Work instructions: Reproduce only this stretch of the listing below: from the line with "朝に起こした時に角型たらいの中でまだ寝ぼけている飼育1149日のスッポン --- The" through the line with "Для этого перейдите", exactly as written, with pictures excluded.

Material to process:
= Beginning of Section =

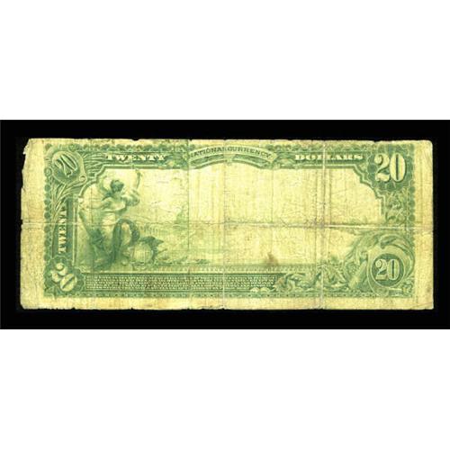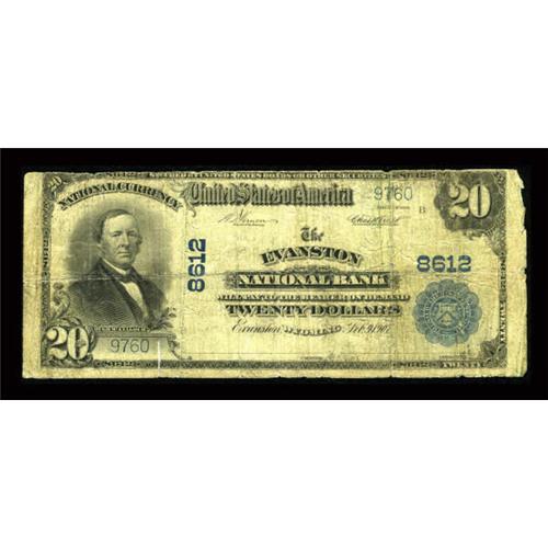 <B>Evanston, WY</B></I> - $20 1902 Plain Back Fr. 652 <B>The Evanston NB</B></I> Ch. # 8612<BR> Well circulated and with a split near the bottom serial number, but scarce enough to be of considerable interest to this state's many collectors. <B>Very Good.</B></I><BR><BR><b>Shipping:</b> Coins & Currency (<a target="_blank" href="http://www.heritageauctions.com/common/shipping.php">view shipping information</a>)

= End of Section =
= Beginning of Section =

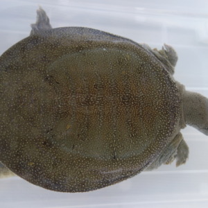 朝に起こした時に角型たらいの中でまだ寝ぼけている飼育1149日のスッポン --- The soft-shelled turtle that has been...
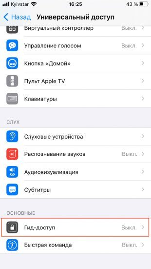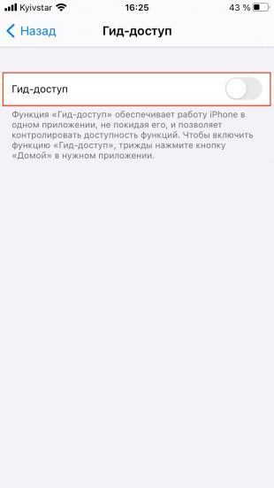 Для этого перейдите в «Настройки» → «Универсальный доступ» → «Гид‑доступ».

= End of Section =

Task result:
 朝に起こした時に角型たらいの中でまだ寝ぼけている飼育1149日のスッポン --- The soft-shelled turtle that has been...
 Для этого перейдите в «Настройки» → «Универсальный доступ» → «Гид‑доступ».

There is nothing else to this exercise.